_GIVEN DATA_

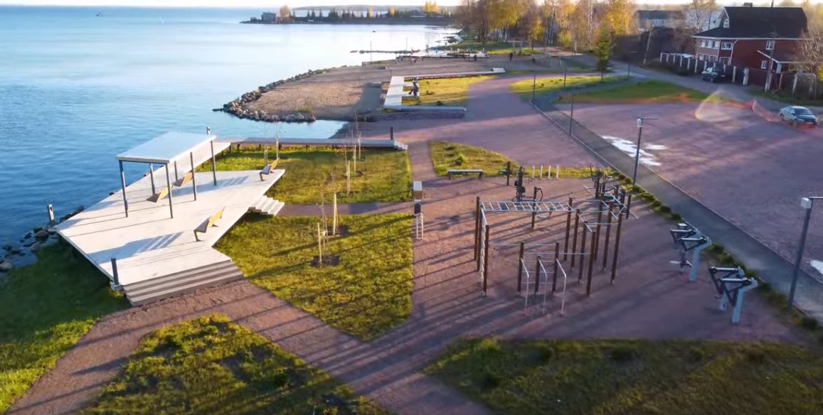 Территория уже радует глаз прекрасно обустроенными зонами отдыха и активности, включая стильную сцену для мероприятий. Здесь также установлены комфортные качели и современное спортивное оборудование, создающее идеальные условия для активного времяпрепровождения.
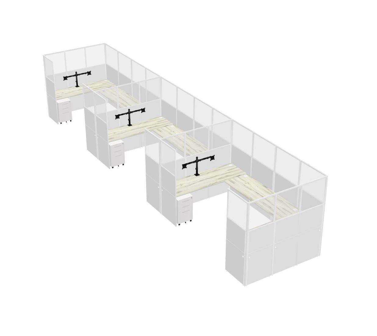 Système De Panneaux En U Heinne Holz Pour 3 Personnes + Bras D'écran (bras Doubles) + Tiroirs Mobiles En Métal Pour 3 Utilisateur(s)
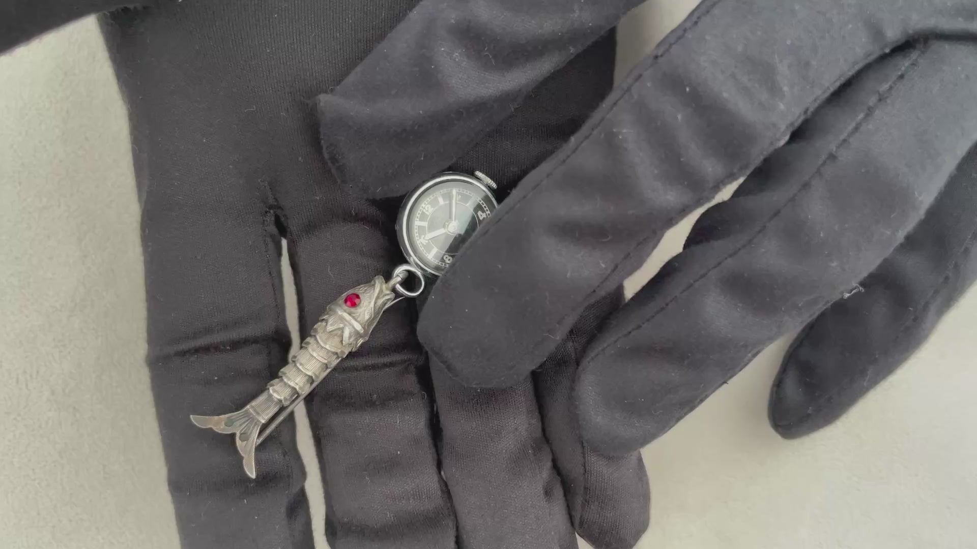 This is a pendant featuring a fish-shaped sculpture combined with a spherical watch. The fish is excellently crafted, made of multiple parts, and capable of a wave-like motion. The watch itself has a fully rounded form with glass on both sides.

_ASSIGNMENT_
Would you provide an exact, picture-free copy of the data above?

_ANSWER BELOW_
 Территория уже радует глаз прекрасно обустроенными зонами отдыха и активности, включая стильную сцену для мероприятий. Здесь также установлены комфортные качели и современное спортивное оборудование, создающее идеальные условия для активного времяпрепровождения.
 Système De Panneaux En U Heinne Holz Pour 3 Personnes + Bras D'écran (bras Doubles) + Tiroirs Mobiles En Métal Pour 3 Utilisateur(s)
 This is a pendant featuring a fish-shaped sculpture combined with a spherical watch. The fish is excellently crafted, made of multiple parts, and capable of a wave-like motion. The watch itself has a fully rounded form with glass on both sides.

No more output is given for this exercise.